Take the lines from the beginning of the material through the line containing "كاهن يصلي ويقرأ" and retype them exactly, leaving the pictures out.

§ DATA SECTION:
##############################

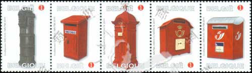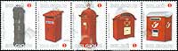新旧邮筒,19世纪古老铸铁邮筒、19世纪下半叶乡间使用的邮筒、1930年左右的立式邮筒及2001开始启用的新式邮筒等5联
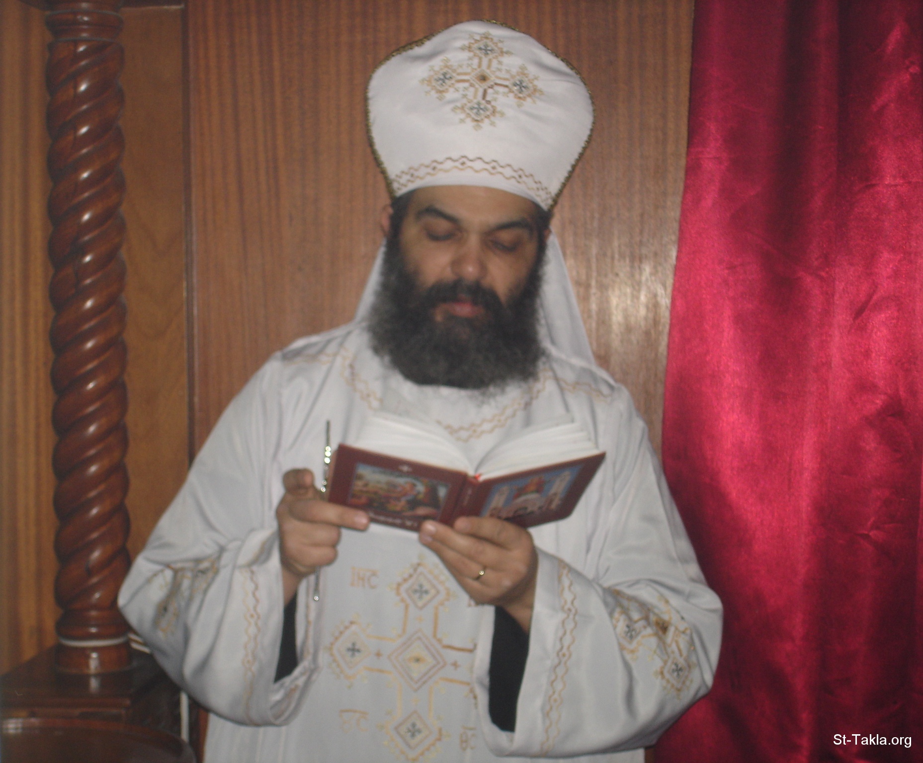كاهن يصلي ويقرأ من كتاب صلوات السواعي (الأجبية) - من قداس قدس أبونا القس تكلا وليم، كاهن كنيسة الأنبا تكلاهيمانوت القبطية الأرثوذكسية بالإبراهيمية بالإسكندرية، 24 مارس 2012 - تصوير مايكل غالي لموقع الأنبا تكلا هيمانوت.
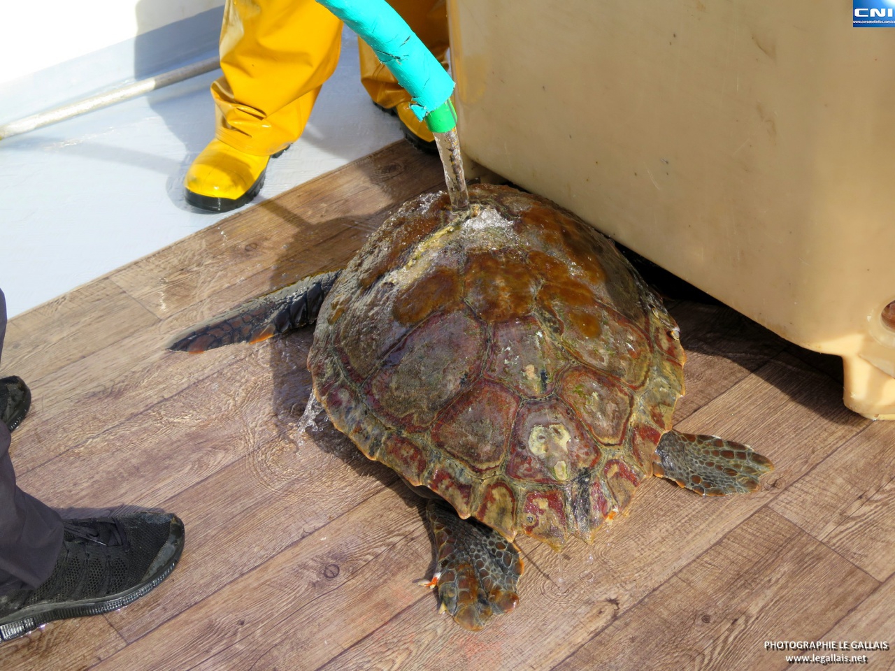 La semaine dernière un pêcheur professionnel éco responsable, Sébastien Rialland en l'occurrence, en a croisé deux qui étaient blessées, il les a prises à bord et, le temps de les rapatrier à terre, installées en vivier suivant un protocole bien établi.

##############################

§ FINISHED EXERCISE:
新旧邮筒,19世纪古老铸铁邮筒、19世纪下半叶乡间使用的邮筒、1930年左右的立式邮筒及2001开始启用的新式邮筒等5联
كاهن يصلي ويقرأ من كتاب صلوات السواعي (الأجبية) - من قداس قدس أبونا القس تكلا وليم، كاهن كنيسة الأنبا تكلاهيمانوت القبطية الأرثوذكسية بالإبراهيمية بالإسكندرية، 24 مارس 2012 - تصوير مايكل غالي لموقع الأنبا تكلا هيمانوت.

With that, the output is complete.